任泽平:此轮人民币升值的原因、影响、政策与展望

文  任泽平团队

特别鸣谢:华炎雪  对本文数据整理有重要贡献

2020年下半年以来,人民币持续强势上涨,2021年2-3月出现小幅贬值,随后加速升值。截至6月3日,离岸人民币兑美元升破6.4关口,报6.3875;在岸人民币兑美元升破6.4关口,报6.3898。

2020年6月至2021年6月,人民币兑美元上涨10.3%,CFETS人民币汇率指数上涨7.4%。

5月31日,中国人民银行宣布,为加强金融机构外汇流动性管理,自6月15日起,上调金融机构外汇存款准备金率2个百分点,即外汇存款准备金率由现行的5%提高到7%。

1、人民币汇率急升的原因

我们认为,主要受四大因素影响:一是中美经济基本面错位,二是中美货币政策错位,三是美元流动性外溢,四是美元指数低位。

第一,2020年中国经济率先恢复,领先全球;而美国疫情管控不佳,经济活动恢复滞后。在中美经济基本面错位背景下,人民币相较美元有较高的投资回报率,投资者持有人民币意愿增强,带来人民币升值。2020年中国GDP增速2.3%,美国、欧盟、日本、韩国经济增速分别为-3.5%、-6.1%、-4.8%和-1.0%。

此外,中国出口高增长,迎来大量贸易顺差,外汇市场对人民币的需求加大,人民币存在升值趋势。欧美等发达经济体在政策刺激下需求加快恢复,但生产活动恢复相对滞后,叠加新兴经济体受疫情影响产能恢复放缓,带来全球供需错配,2020年下半年中国出口恢复,10月以来维持两位数以上增长,2020年12月贸易差额达769.9亿美元,创历史新高。

第二,2020年5月中国货币政策回归常态化,但美国陷于疫情,美联储宣布开放式资产购买计划,大量释放流动性。在中美货币政策分化背景下,人民币投放量下降,利率上升,吸引资本流入,人民币具有升值潜力。中美10年国债收益率利差在2020年11月达到242BP的历史高点。
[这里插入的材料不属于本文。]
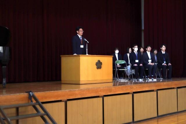 1時間目に、新しく来られた先生たちを迎える新任式と1学期の始業式をおこないました。
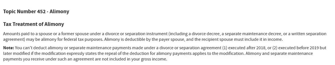 Topic No. 452 Alimony | Internal Revenue Service

第三,美元持续低位,带来非美货币升值,人民币兑美元升值。2020年3月海外疫情爆发以来,美元指数持续走弱,2021年初突破90关口,持续低位徘徊。美元指数持续低位,主要原因在于,美元指数是美国相对于一揽子货币的比价,欧元在美元指数中占比接近60%。欧洲疫情防控以及经济复苏持续向好,在一定程度上抑制了美元上涨。此外,美联储4月议息会议表态仍然偏鸽。

第四,美国货币市场流动性过剩,美联储逆回购操作创新高。美联储逆回购金额4853亿美元,创历史新高。2013年美联储推出隔夜逆回购操作,将其利率作为利率走廊下限。当市场流动性过剩、出现“资产荒”时,金融机构资金倾向购买美国国债。美元流动性过剩主要是拜登的刺激政策、以及居民储蓄率上升导致。

2、人民币升值不是为了对抗输入性通胀,反而增加企业压力

我们认为,人民币升值并不是对抗通胀的有效办法,反而代价更大。对出口、经济、小企业经营环境均产生负面影响。

第一,本轮通胀是受多因素影响,包含国内、国际定价的多种大宗商品。对于国际定价的大宗商品,人民币升值难以对抗快速大幅上涨的趋势;对于国内定价的大宗商品,人民币升值是无效的。对抗通胀还是要从源头出发,保供稳价更具有针对性。

本轮大宗商品价格呈现快速大幅上涨趋势,多数黑色系、有色金属品种期货价格创历史新高。去年以来,LME铜最大涨幅达129.4%、动力煤涨96.7%,螺纹钢涨94.7%,原油涨270.7%。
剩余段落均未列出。